The main action of the poem takes place in the second stanza. Owen goes straight to the point and does not use any unnecessary metaphors: simple but terrible words: “Gas! Gas!” A sense of panic reaches the reader as well as the soldiers struggling to put on their “clumsy helmets”, the gas masks. One soldier does not make it and breathes in the deadly gas. He dies a terrible death, described vividly by the poet to the point of bringing the reader to the verge of nausea. Struggling to get some air, chokes, drowns.
The horror continues in the third stanza where the reader is not spared the gruesome details of the soldier’s death: eyes writhing in their sockets, a bitter froth gargling out from his mouth, his face rendered devilish by the suffering he endures.
The tone of the poem is one of desperation, clearly evidencing the sense of abandonment of the soldiers, empty of any kind of hope and peace. The first stanza is very dark and slow. The second is a complete separation from the first one and is more active and eventful. The last stanza illustrates the full horror of a dirty war where chemical warfare and mustard gas were used.
In the first stanza the soldiers are described as zombies, walking slowly with extreme difficulty, following a path without thinking. Their minds are disturbed and no kind of rational reasoning is visible, while the bodies are highly exhausted, heavy and wounded. “cursed through sludge”, “Men marched asleep.” The sentences sound like heavy and wet boots clashing on the mud. At the end of the first stanza a deadly danger is announced but the soldiers do not react to this threat to their lives because they are so exhausted that do not hear anything. The second stanza sounds like a fire alarm, were the soldiers and the reader wake up from the slowness in order to save their lives. “Gas! Gas! Quick boys!” is a complete rupture with the previous tone of the poem. The exclamation marks and the repetition of short words make the poem acquire stress. This rapid change is radical for the reader and for the soldiers too. An image of un-coordination and disorganization arises. The third stanza is one long sentence, reflecting the idea portrayed in this stanza: horror, and total disgust at the tortured death of a soldier.
The war has tremendous effects on the soldiers. They are affected physically: their body shape is modified by the experience of warfare: “bent double, like old beggars under sacks, Knock-kneed, coughing like hags” (lines 1-2). They seem tortured by the war. They have their backs bent, they are sick, with their knees bent towards each other. “All went lame”(line 6): the word ‘lame’ usually refers to animals and their inability to walk properly. Owen here compares the soldiers to animals as their state is reduced to a primitive state. The human senses are present in the poem; all the soldiers’ senses have been affected by warfare too. The sight of the soldiers is reduced to blindness (line 6). The men are “deaf even to the hoots of gas-shells dropping”. Introducing these elements in the poem allows the reader to put himself into the soldier’s position and truly understand his miserable condition. The writer emphasizes the effects of war on all the human senses. The soldiers’ body and mind change drastically towards a primitive state because of their experience of the war. They are reduced to an animal state. This reflects Owen’s idea about the war: it is not worth it, and it destroys humans and their ethics to be replaced by animals and instincts.

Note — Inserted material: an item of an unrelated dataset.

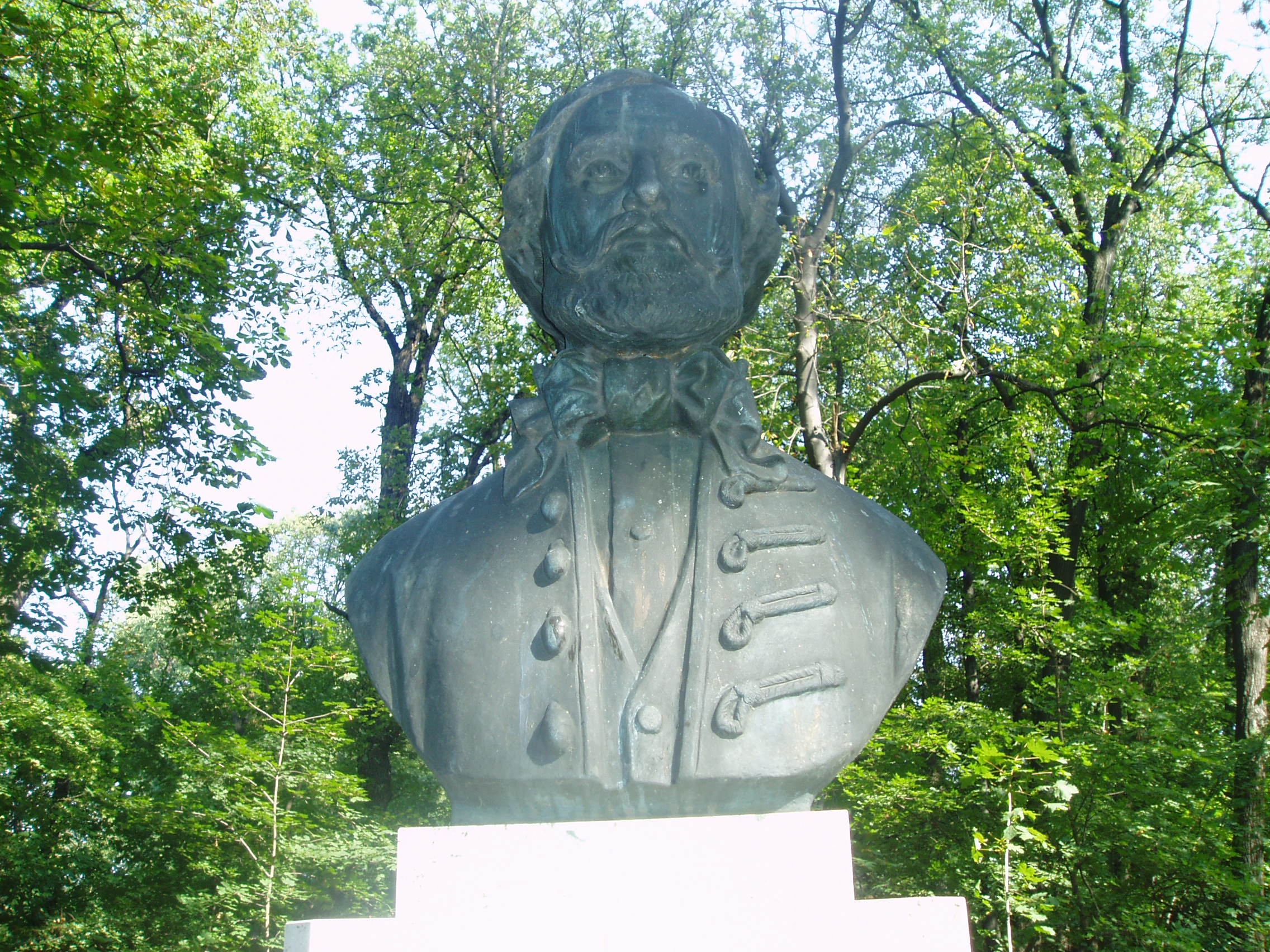 Nyilvános 1784 | 3709 | Sárospatak, Iskolakert: Egressy Béni szobra | A Református Kollégium (lásd: Sárospatak, Rákóczi u. 1.) bejáratával szemben találjuk az Iskolakertnek nevezett parkot. Az 1980-as években természetvédelmi területté nyilvánított Iskolakert sajátos nemzeti érték, mely egyedülálló az országban. Sétányai mentén Patakhoz kötődő jeles személyiségek szobrai állnak. A képen Egressy Béni bronz mellszobra látható. Kelemen Kristóf alkotását 1989-ben, a Szózat zeneszerzője születésének 175. évfordulója alkalmából avatták fel. Talapzatán hangjegyekkel és szöveggel a Szózat első két sora látható. Egressy Béni 1828–1831 között volt a kollégium diákja. Szobrának felállítását Béres Ferenc (1922–1996) énekművész kezdeményezte; ma már az ő szobra is az Iskolakertben áll, ugyanezen az oldalon. A fénykép 2007 augusztusában készült. Felh. irod.: Látnivalók Borsod-Abaúj-Zemplén megyében. Miskolc, Well-PRess, 1995 www.sarospatak.hu/nevezetessegek |

During the Gas attack the soldiers wake up in a frenzy to survive. Owen succeeds “fitting the clumsy helmets just in time”, but this is not the case of all the soldiers. One of the soldiers starts “yelling and stumbling and floundering like a man in fire or lime”. The air is so thick and full of gas that their masks are blurred, he isn’t able to see the scene properly: “Dim through the misty panes and thick green light, as under a green sea, I saw him drowning”. Owen compares the cloud of gas to a green sea. Those scenes clearly shocked Owen. It even comes back into his dreams: “in all my dreams” (line 15), “in some smothering dreams” (line 17). He is still haunted by the memory of the man dying in front of his “helpless sight”. This relates back to Owens’ life, his shell-shock and his difficulty to find sleep.
The last sentence completes the title of the poem, a quotation from the Latin poet Horace: “Dulce et Decorum est, Pro patria mori” which means: “It is fitting and honourable to die for your country” Owen makes his point very clear when he qualifies the quotation of a being a lie. He addresses the reader as a friend (line 25), who, if he had like them followed the wagon where the soldier lay dying, would never describe the war to young men ( “children”) as a fitting and honourable way to die for one’s country, because it is simply and bluntly, and old lie.